Assigned task: Your task is to transcribe each record exactly and to omit every image.

(Entries taken from a collection)

☆ ☆ ☆ ☆ ☆ ☆ ☆

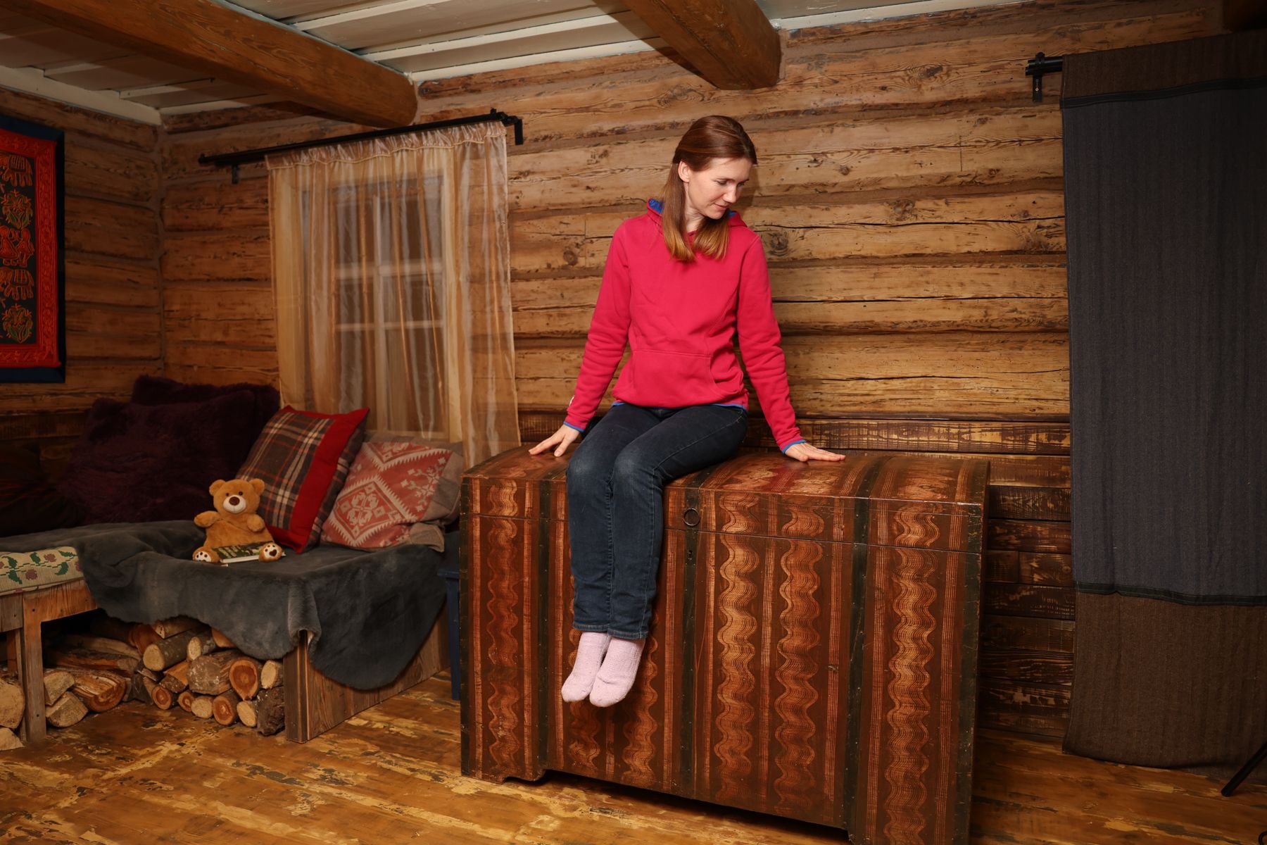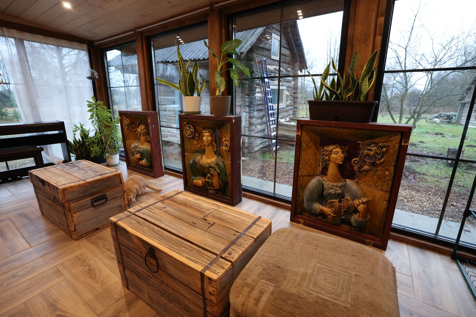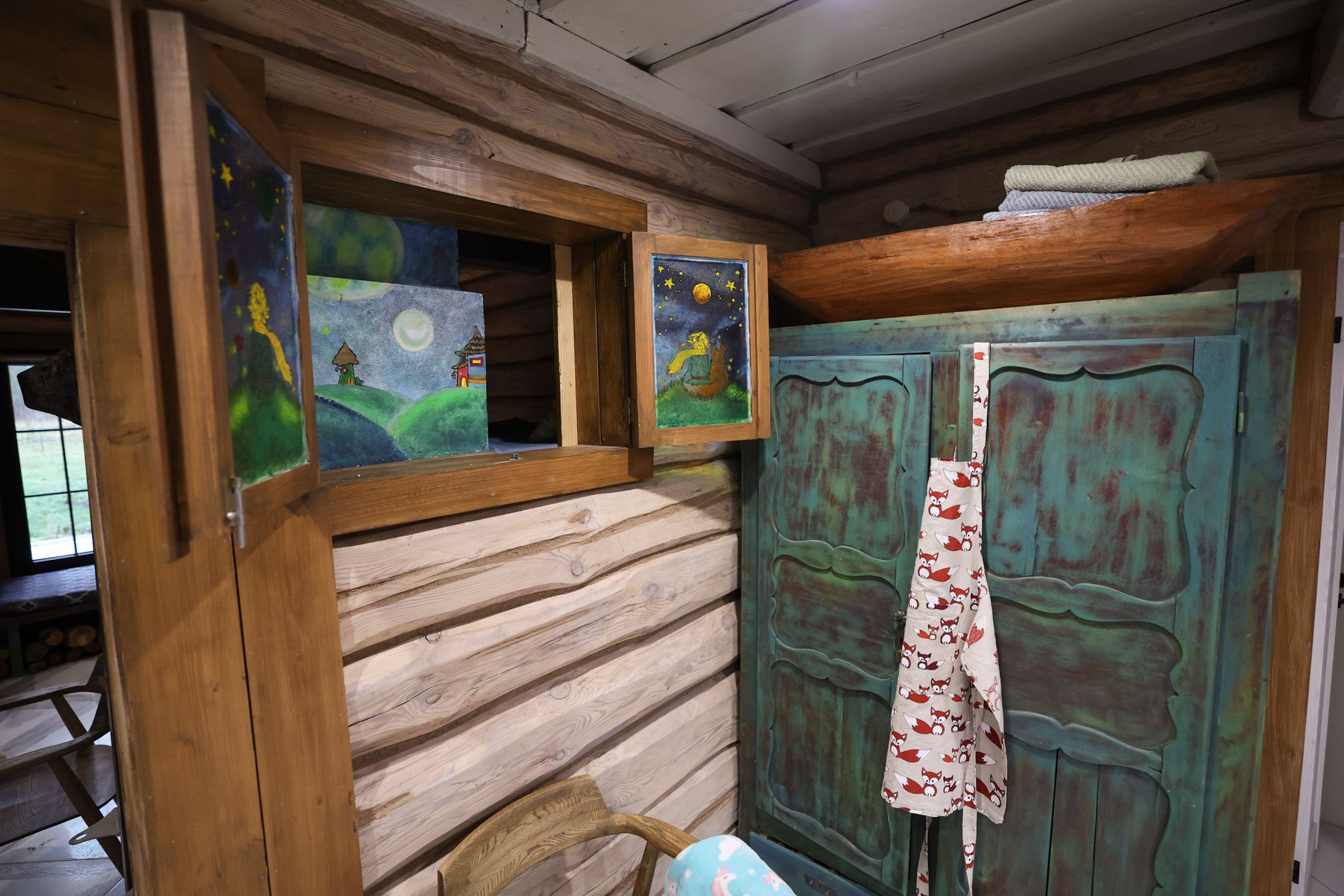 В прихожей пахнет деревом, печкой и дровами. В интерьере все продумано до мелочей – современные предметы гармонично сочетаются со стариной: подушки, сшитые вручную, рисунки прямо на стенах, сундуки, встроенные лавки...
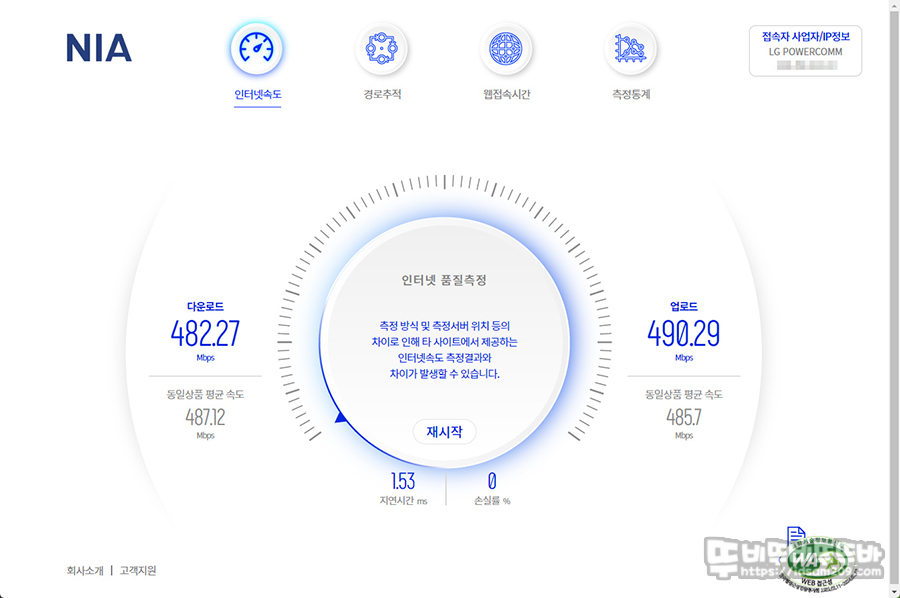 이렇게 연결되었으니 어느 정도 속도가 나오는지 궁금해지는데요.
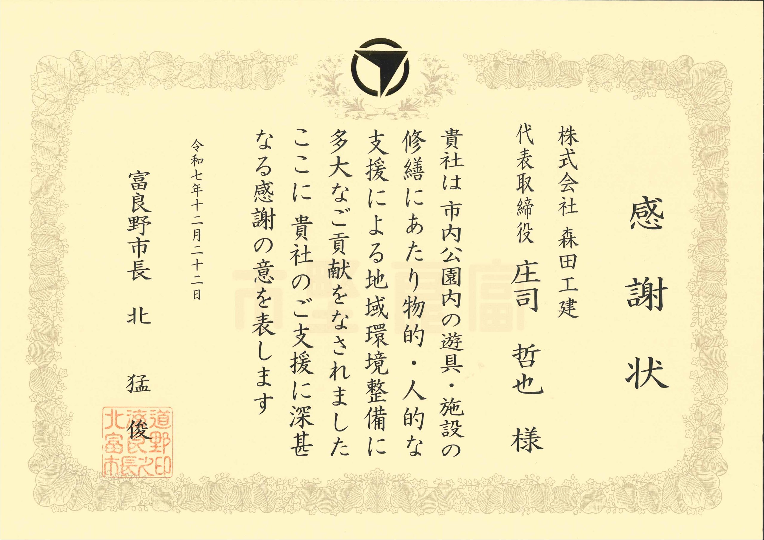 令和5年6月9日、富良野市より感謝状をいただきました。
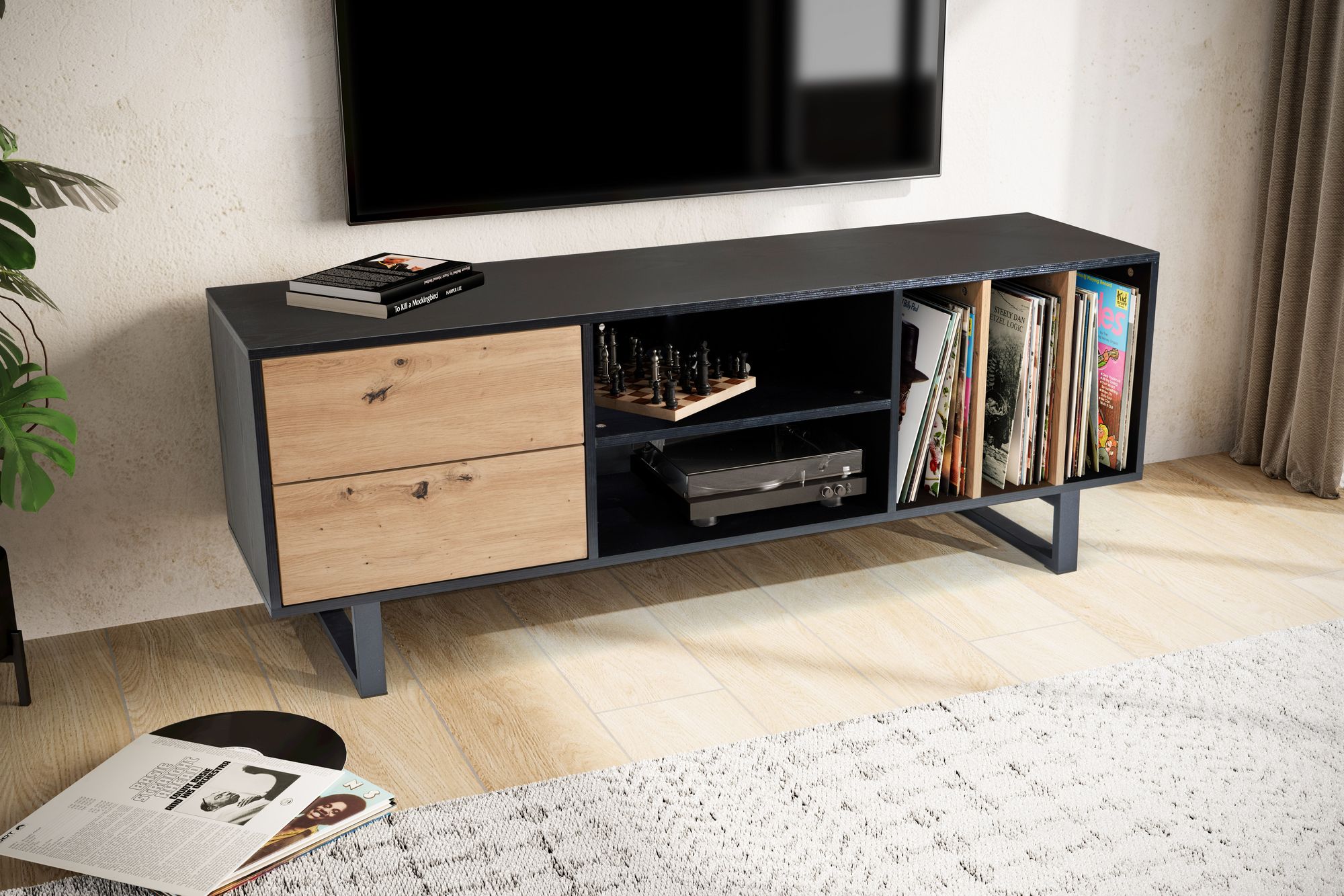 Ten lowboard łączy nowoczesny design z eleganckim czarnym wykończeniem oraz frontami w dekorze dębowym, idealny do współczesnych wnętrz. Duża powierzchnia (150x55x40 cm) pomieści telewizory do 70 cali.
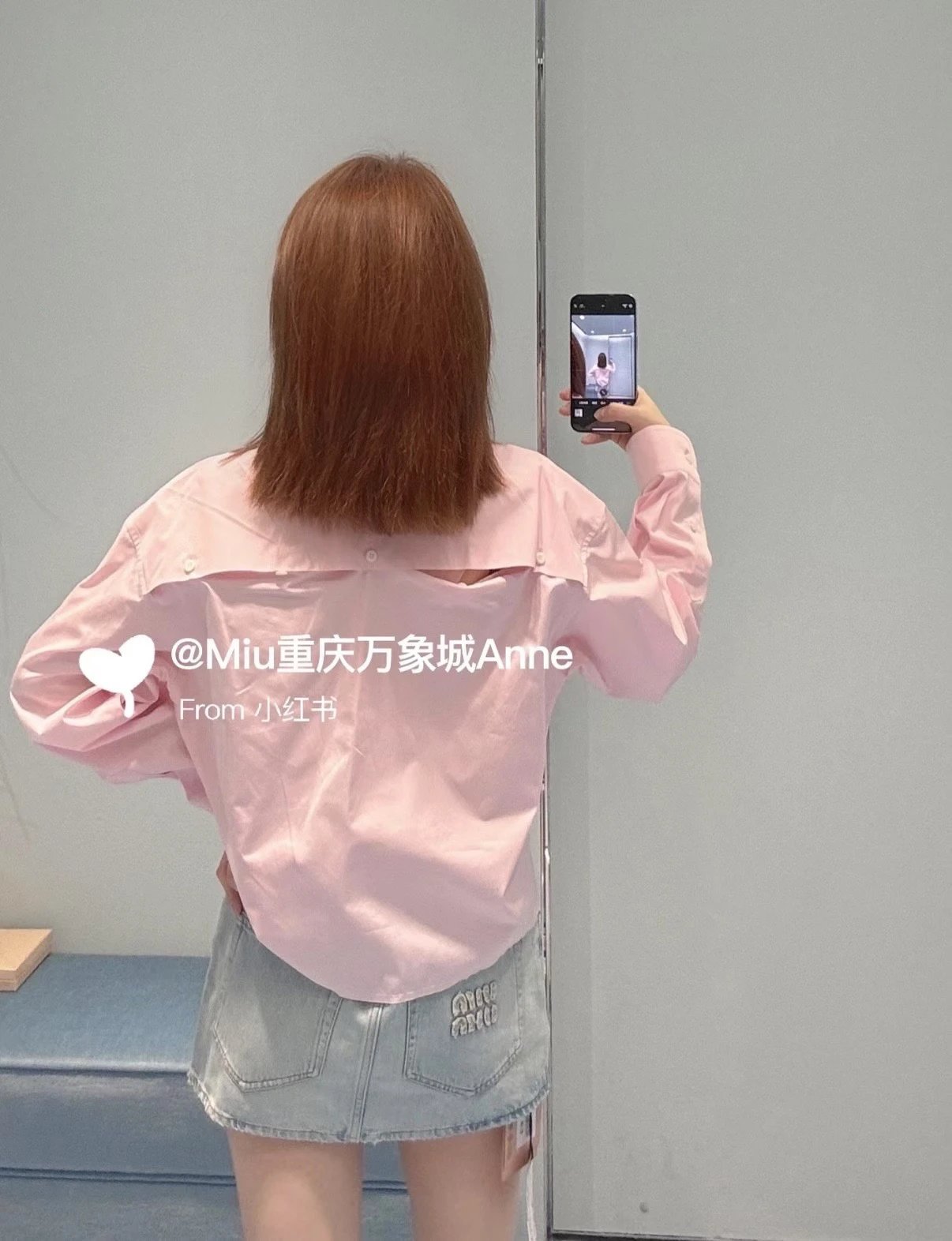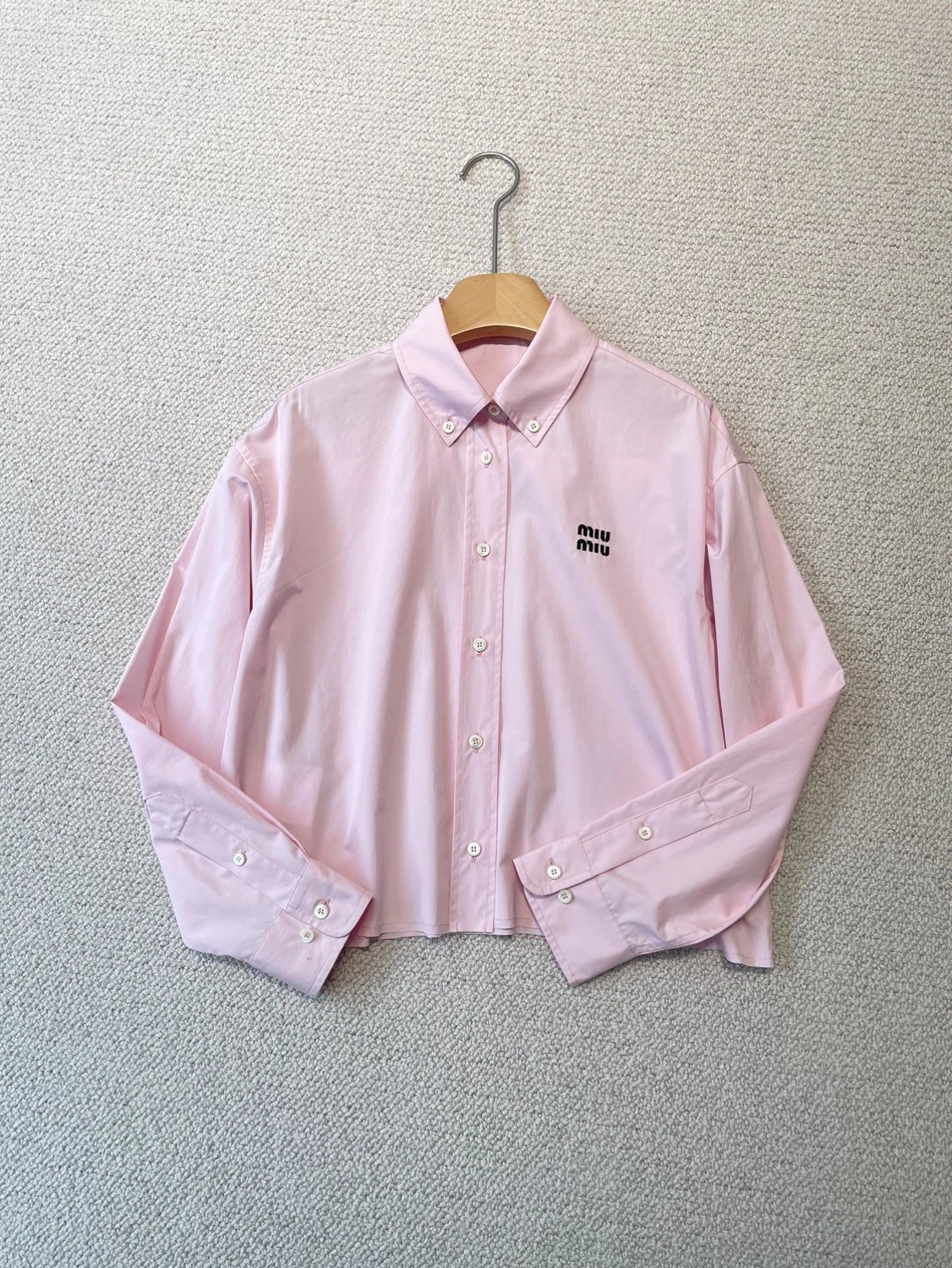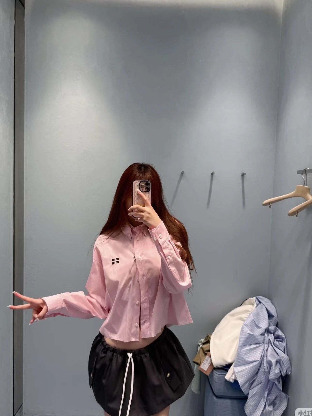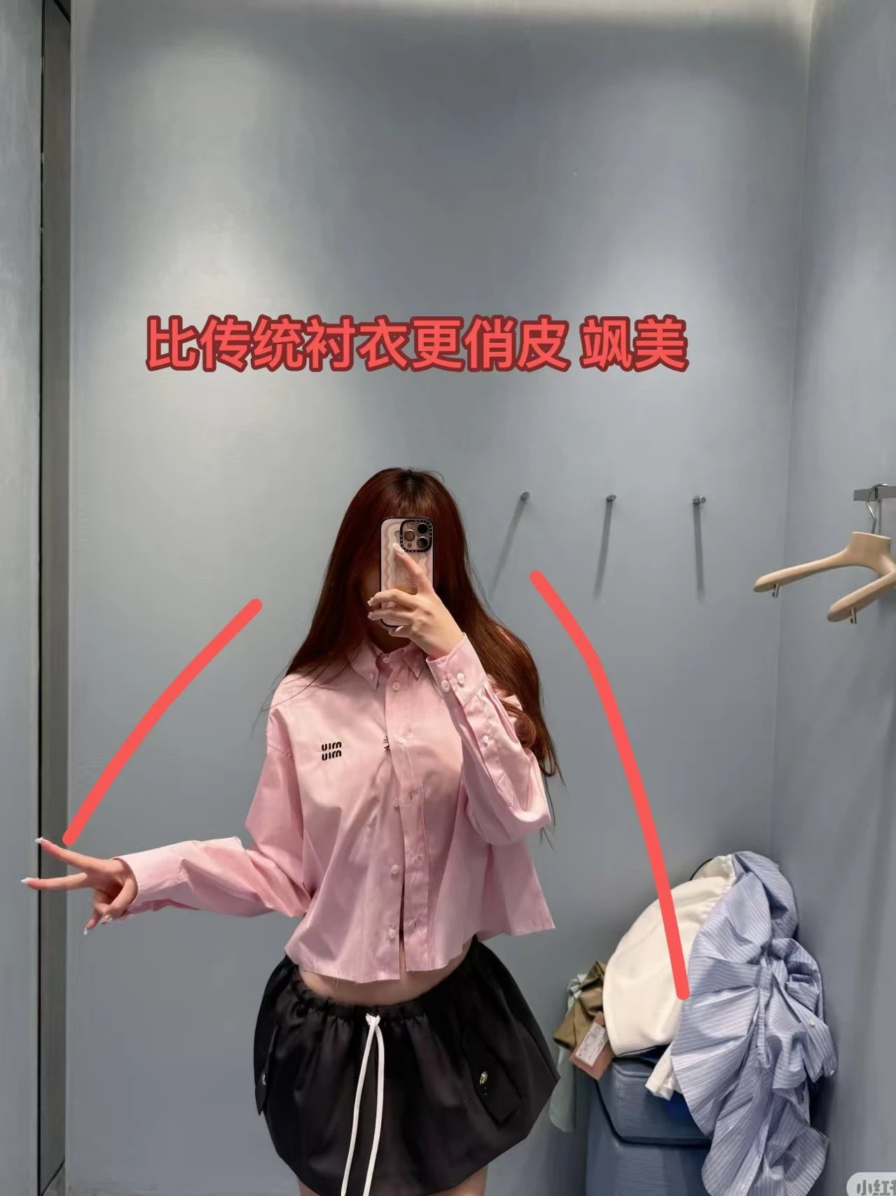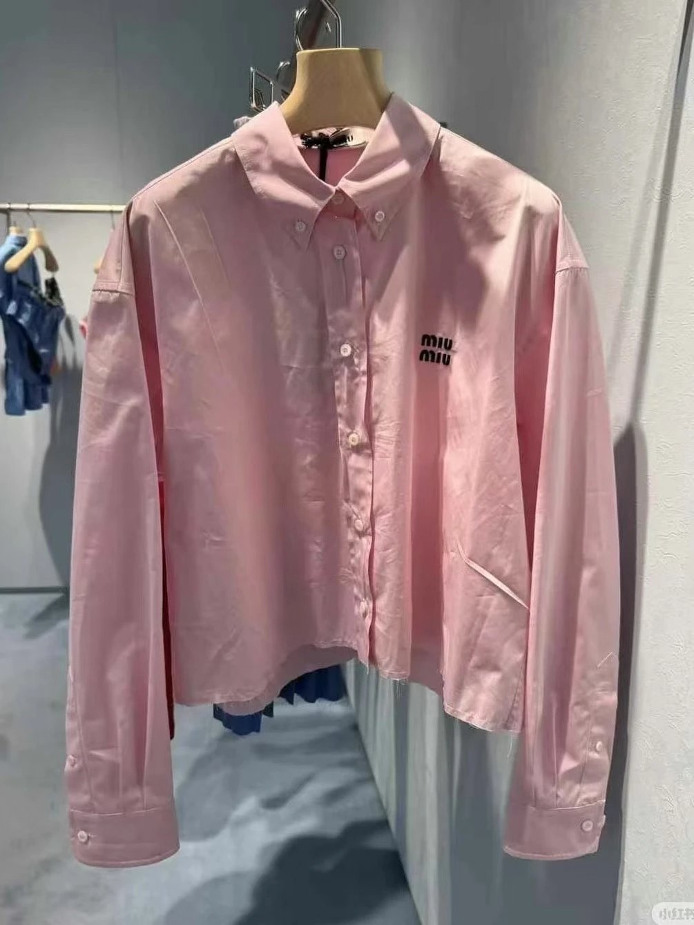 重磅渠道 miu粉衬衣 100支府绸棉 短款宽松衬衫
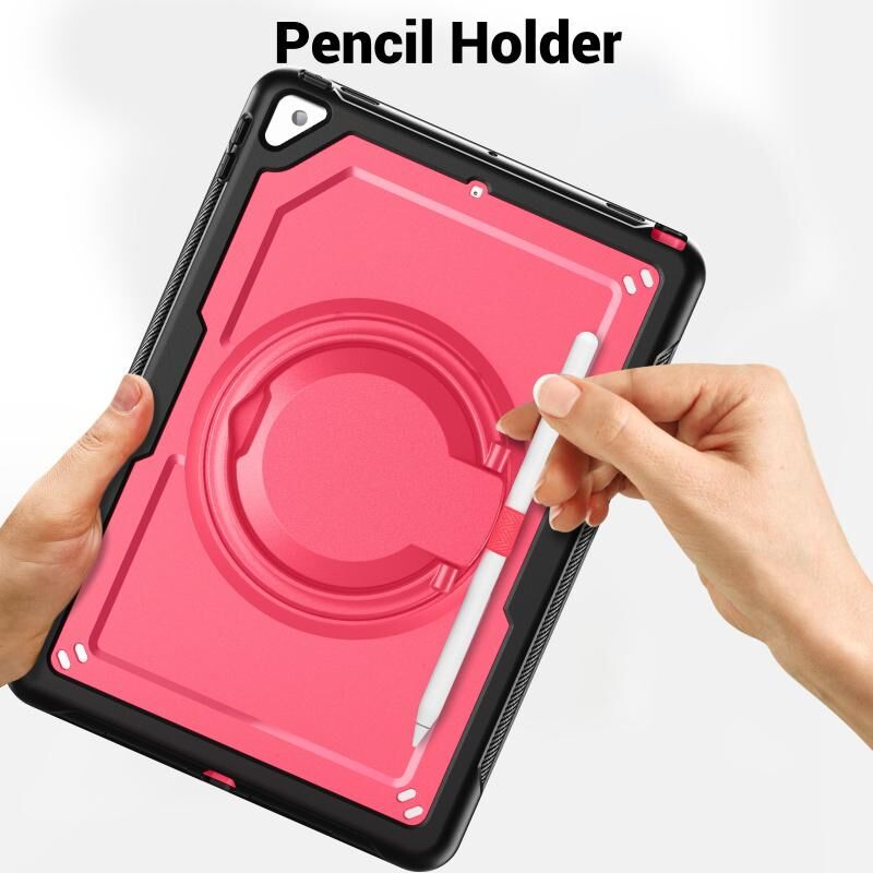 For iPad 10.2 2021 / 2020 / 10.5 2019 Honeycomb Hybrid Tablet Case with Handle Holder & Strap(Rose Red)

☆ ☆ ☆ ☆ ☆ ☆ ☆

Solution below:
 В прихожей пахнет деревом, печкой и дровами. В интерьере все продумано до мелочей – современные предметы гармонично сочетаются со стариной: подушки, сшитые вручную, рисунки прямо на стенах, сундуки, встроенные лавки...
 이렇게 연결되었으니 어느 정도 속도가 나오는지 궁금해지는데요.
 令和5年6月9日、富良野市より感謝状をいただきました。
 Ten lowboard łączy nowoczesny design z eleganckim czarnym wykończeniem oraz frontami w dekorze dębowym, idealny do współczesnych wnętrz. Duża powierzchnia (150x55x40 cm) pomieści telewizory do 70 cali.
 重磅渠道 miu粉衬衣 100支府绸棉 短款宽松衬衫
 For iPad 10.2 2021 / 2020 / 10.5 2019 Honeycomb Hybrid Tablet Case with Handle Holder & Strap(Rose Red)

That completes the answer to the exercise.